Als gedoopte kinderen, gedoopte familieleden, gedoopte kennissen afhaken van of
dreigen af te haken van Gods Woord, mag er in het gebed tot de Heere om
bekering altijd een beroep gedaan worden op het feit dat zij gedoopt zijn.
Het sacrament van de
Heilige Doop is een teken en zegel van de geestelijke reiniging door
Christus.[48] Het is
dus niet de geestelijke reiniging zelf. Lezen:
Efeze 5:26. Calvijn schrijft in zijn Institutie bij deze tekst: “Paulus
koppelt het levende Woord en de doop met het water aan elkaar, alsof hij wil
zeggen dat door het Evangelie de boodschap tot ons komt dat wij gewassen en
geheiligd zijn en dat deze boodschap door de doop bezegeld wordt.”[49]
Vervolgens schrijft Calvijn over een tekst uit één van de brieven van Petrus.
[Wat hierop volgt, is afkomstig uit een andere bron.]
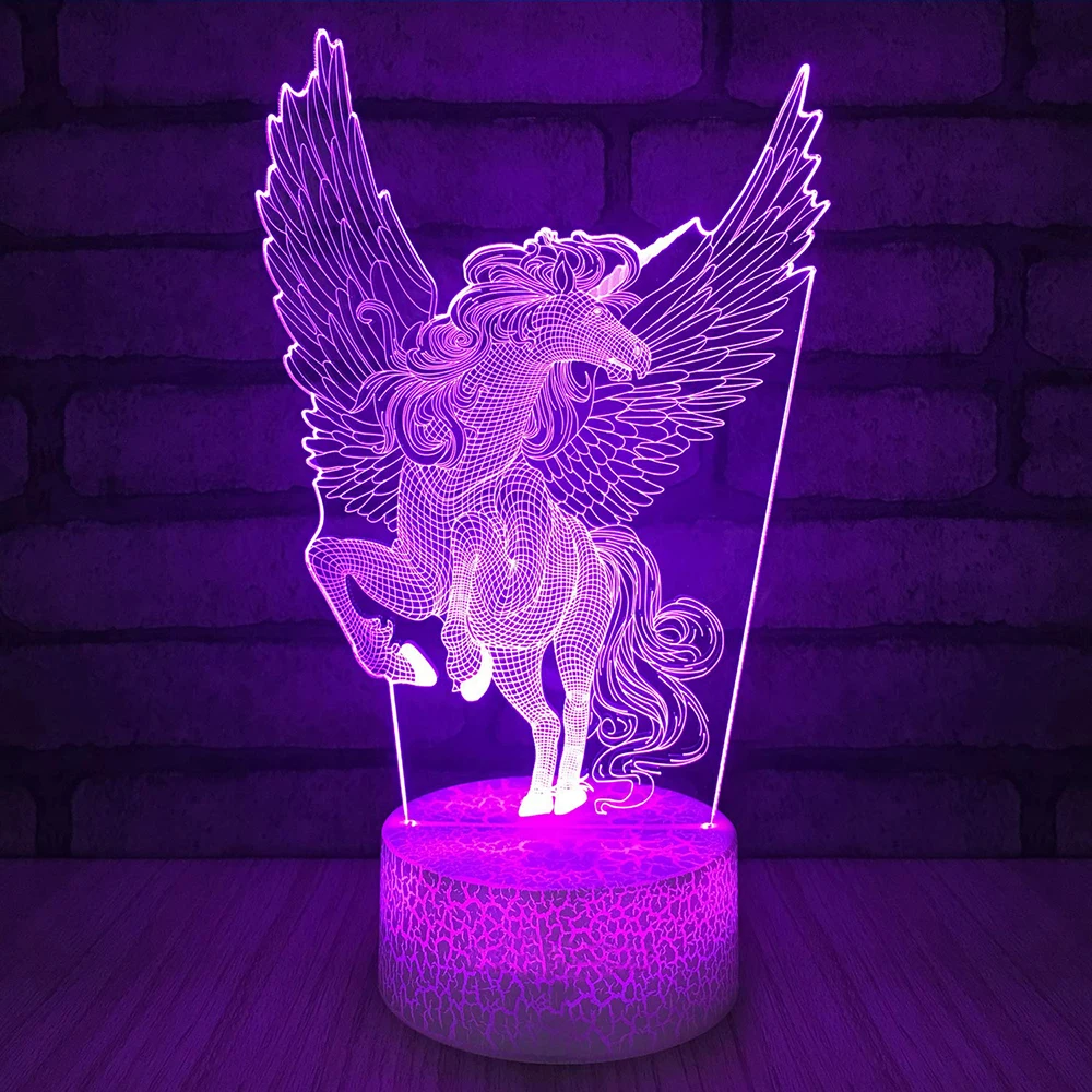 Светильник Единорог светодиодный ночник Pegasus 3D, носветильник светильники, декоративные светодиодные лампы, сенсорсветильник льник для детей, D30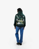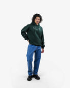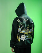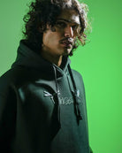 The Wild Bloom Hoodie is crafted from soft yet structured 400 GSM Cotton 3-Thread Fleece, giving it a warm, premium feel. The double silicone finish enhances smoothness, making the bottle-green fabric rich, refined, and elevated.

Lezen: 1 Petrus 3:21. “Petrus voegt er
[aan de tekst van Paulus] meteen aan toe dat deze doop niet een verwijderen van
vuil op het lichaam is, maar een goed geweten voor God, en dat komt voort uit
het geloof.” [50] De doop
is het teken van de reiniging van onze zonden door het bloed van Christus,
schrijft Calvijn.[51]
Een ander teken hiervan is er volgens hem niet.
Naast de Heilige Doop
is er nog een ander sacrament: het Heilig Avondmaal. Kenmerkend voor de
sacramenten is dat zij heilige zichtbare waartekenen en zegelen zijn, die door
God ingesteld zijn (zie Heidelberger Catechismus, Zondag 25, vraag en antwoord
66). Het Heilig Avondmaal is ook door de Heere Jezus Christus ingesteld. In
februari van dit jaar heb ik het Heilig Avondmaal besproken hier op de
jongvolwassenenkring. Ik heb toen ook uitgelegd hoe het afleggen van
geloofsbelijdenis in het midden van de gemeente in relatie staat tot het
toegang verkrijgen tot het Heilig Avondmaal. Nadat de doop aan een baby bediend
is, wordt in het dankgebed vanuit het doopformulier gebeden tot God de Vader
dat de gedoopte kinderen Zijn Vaderlijke goedheid en barmhartigheid mogen
bekennen (= belijden).[52]
Als we als klein kindje gedoopt zijn, vraagt dat om een reactie van ons: wat
doen wij met Gods belofte van vergeving, die aan ons voorhoofd verzegeld is?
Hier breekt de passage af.